29. A multivalent DENV vaccine comprising: (a) an cell-adapted or attenuated DENV1 virus, (b) an cell-adapted or attenuated DENV2 virus, wherein the envelope protein comprises a valine or a leucine at amino acid position 55, (c) an cell-adapted or attenuated DENV3 virus, wherein the envelope protein comprises a valine or a leucine at amino acid position 55, and (d) an cell-adapted or attenuated DENV4 virus.

30. The multivalent DENV vaccine of claim 29, wherein the env protein of (b) or (c) further comprises a serine at amino acid 66.

31. A multivalent DENV vaccine comprising: (a) a subunit vaccine comprising a recombinant Dengue virus (DENV) envelope (env) protein, wherein the DENV is serotype 1 and amino acid 55 is not a valine, (b) a subunit vaccine comprising a DENV2 env protein, (c) a subunit vaccine comprising a DENV3 virus, and (d) a subunit vaccine comprising a recombinant Dengue virus (DENV) envelope (env) protein, wherein the DENV is serotype 4 and amino acid 55 is not a leucine.

32. The multivalent DENV vaccine of claim 31, wherein in (a) the amino acid at position 55 is threonine and wherein in (d) the amino acid at position 55 is threonine.
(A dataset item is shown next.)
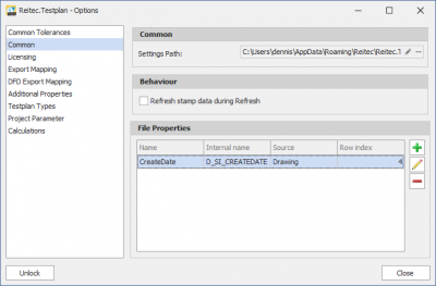 In this area you define which file properties are to be exported. In order for the file properties to be exported, they must be assigned to a project parameter via the key. See Chapter Project Parameter
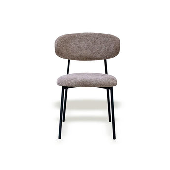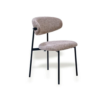 Denne spisebordsstol kombinerer et elegant, slankt stel med et blødt, indbydende sæde. Det skaber den perfekte balance mellem æstetik og komfort. Det åbne design giver stolen et luftigt udtryk, mens det sorte metalstel tilføjer et moderne og stilrent præg.

33. The multivalent DENV vaccine of claim 31 or 32, wherein in (a) the amino acid at position 66 is threonine and wherein in (d) the amino acid at position 66 is threonine.

34. A recombinant Dengue virus (DENV) comprising a recombinant envelope (env) protein, wherein the DENV replicates to a higher titer than wildtype virus.

35. The recombinant DENV of claim 34, wherein the DENV is serotype 1 and amino acid 55 of the env protein is not a valine, or wherein the DENV is serotype 4 and amino acid 55 of the env protein is not a leucine

36. The recombinant DENV of claim 35, wherein the amino acid at position 55 is threonine.

37. The recombinant DENV of claim 35 or 36, wherein the amino acid at position 66 is threonine.

38. The recombinant DENV of any one of claims 34-37, wherein the titer is greater than 1.0 log₁₀ as compared to the wildtype virus titer.

39. The recombinant DENV of any one of claims 34-37, wherein the titer is greater than 2.0 log₁₀ as compared to the wildtype virus titer.